(Exercise data)
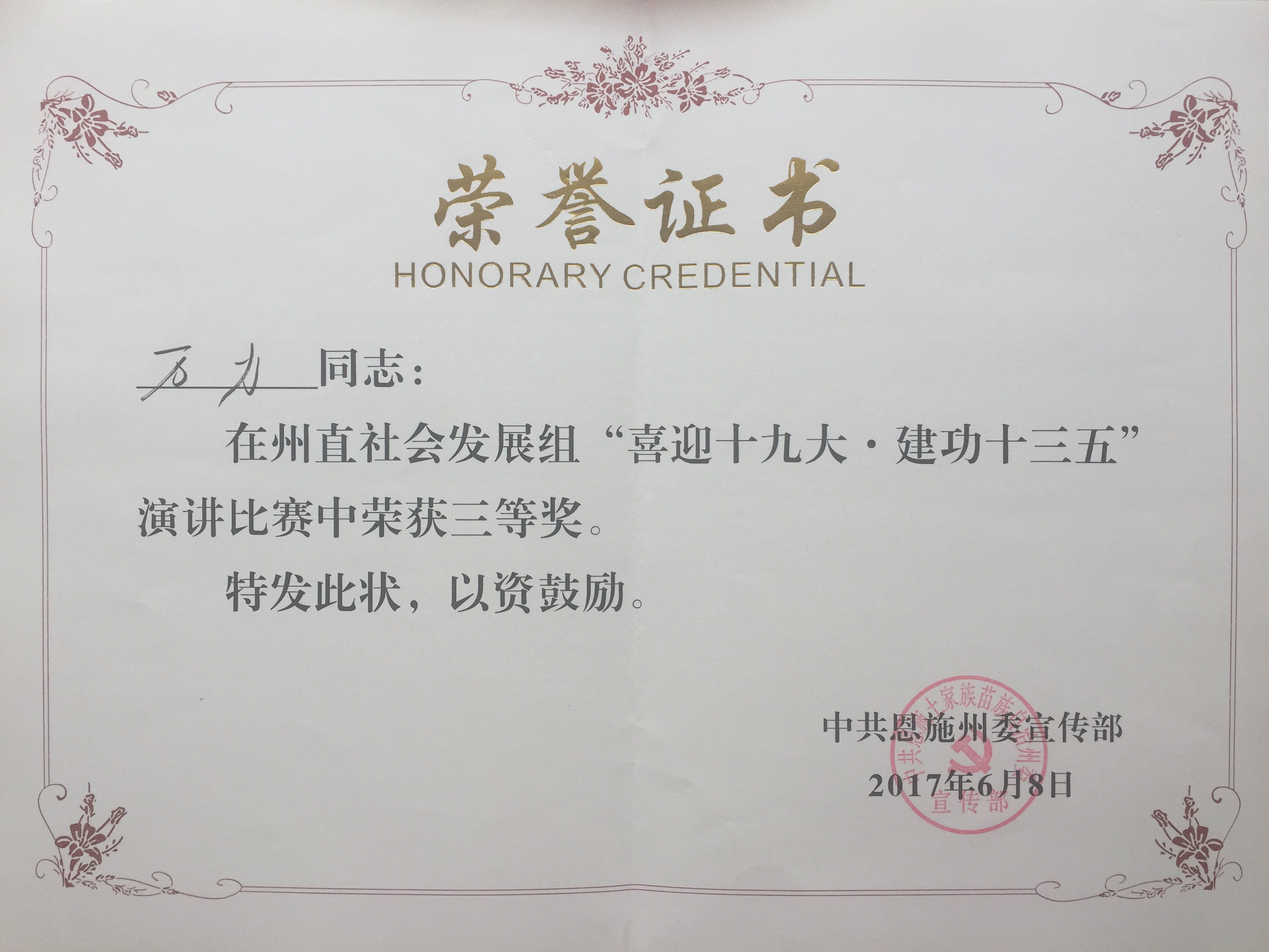永利官网万力老师在州委宣传部、州委州直机关工委、州总工会联合举办“喜迎十九大.建功十三五”演讲比赛中荣获社会发展组三等奖。
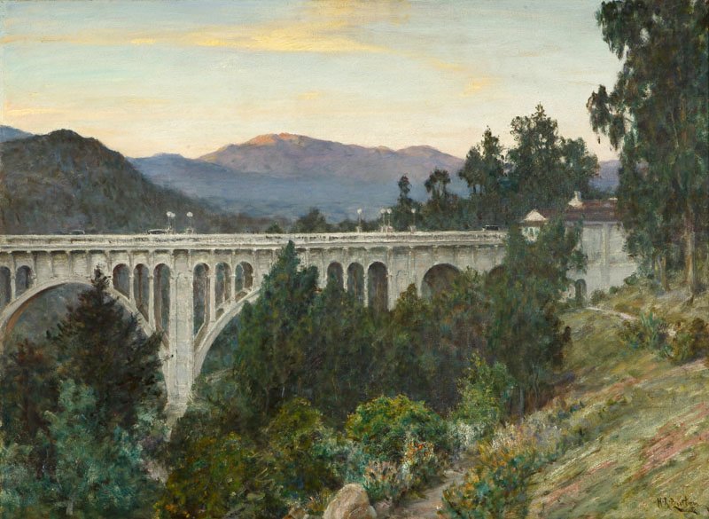 H L Richter - View of the Colorado Street Bridge, the Arroyo Seco and the San Gabriel Mountains at sunset, Pasadenapic.twitter.com/VGIG86vNEF
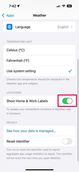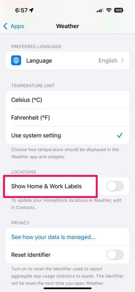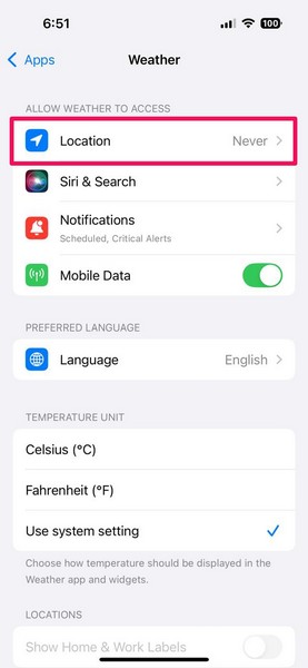 WeatherアプリがiOSデバイスのロケーションサービスにアクセスできるようにしたら、Weather App Settingsページで新しいShow Home&Work Labels設定のトグルを有効にする必要があります。それを行うには、下の手順に従ってください。
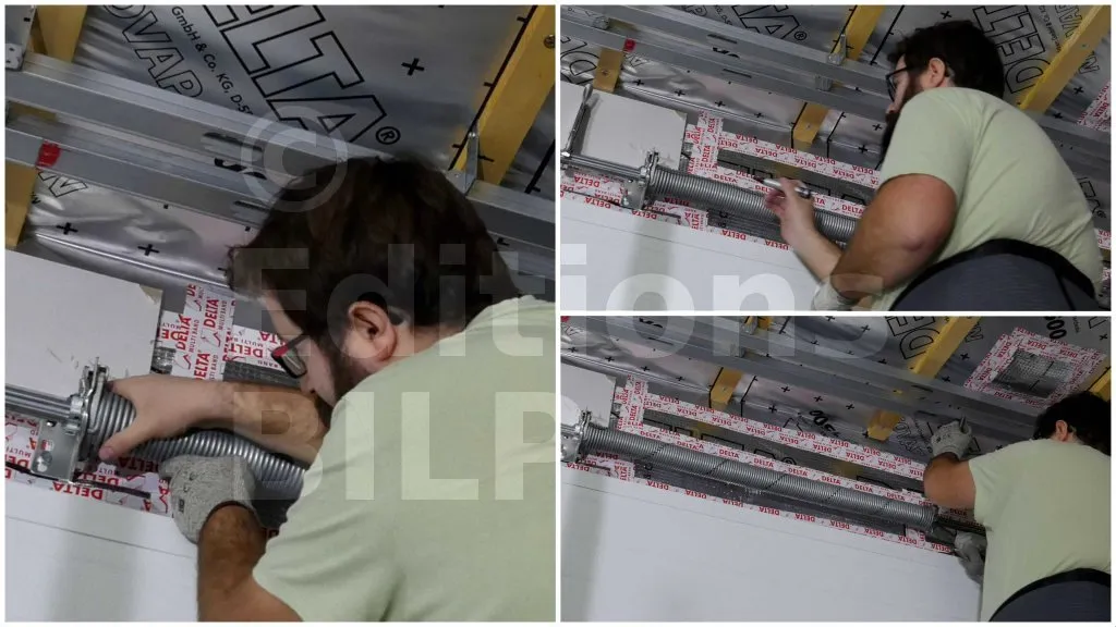 D’abord les ressorts doivent être clipsés ou vissés sur leurs supports (parachutes), selon les instructions du fournisseur. Ensuite, tracez une ligne horizontale sur les ressorts. Généralement, il y a une ligne horizontale pré-tracée sur les ressorts, réalisez-le avec un marqueur. Puis, à l’aide des deux barres de tensions fournies avec la porte, réalisez la torsion en insérant les barres dans le mandrin des ressorts puis en les tournant. Ne lâchez jamais les deux barres en même temps pour éviter des accidents provoqués par la force des ressorts, toujours une à la fois. La bonne tension des ressorts est obtenue lorsque la ligne horizontale tracée précédemment forme des diagonales. Le nombre de ces diagonales est mentionné dans la fiche du produit. Une fois la tension des ressorts obtenue, serrez les vis sur les ressorts sans relâcher la tension pour les bloquer avec l’axe. Enfin, retirez les pinces étaux sur les tambours posé lors de la mise en tension des câbles.

(Exercise aim)
Could you restate the material word for word, omitting the pictures?

(Answer section)
永利官网万力老师在州委宣传部、州委州直机关工委、州总工会联合举办“喜迎十九大.建功十三五”演讲比赛中荣获社会发展组三等奖。
 H L Richter - View of the Colorado Street Bridge, the Arroyo Seco and the San Gabriel Mountains at sunset, Pasadenapic.twitter.com/VGIG86vNEF
 WeatherアプリがiOSデバイスのロケーションサービスにアクセスできるようにしたら、Weather App Settingsページで新しいShow Home&Work Labels設定のトグルを有効にする必要があります。それを行うには、下の手順に従ってください。
 D’abord les ressorts doivent être clipsés ou vissés sur leurs supports (parachutes), selon les instructions du fournisseur. Ensuite, tracez une ligne horizontale sur les ressorts. Généralement, il y a une ligne horizontale pré-tracée sur les ressorts, réalisez-le avec un marqueur. Puis, à l’aide des deux barres de tensions fournies avec la porte, réalisez la torsion en insérant les barres dans le mandrin des ressorts puis en les tournant. Ne lâchez jamais les deux barres en même temps pour éviter des accidents provoqués par la force des ressorts, toujours une à la fois. La bonne tension des ressorts est obtenue lorsque la ligne horizontale tracée précédemment forme des diagonales. Le nombre de ces diagonales est mentionné dans la fiche du produit. Une fois la tension des ressorts obtenue, serrez les vis sur les ressorts sans relâcher la tension pour les bloquer avec l’axe. Enfin, retirez les pinces étaux sur les tambours posé lors de la mise en tension des câbles.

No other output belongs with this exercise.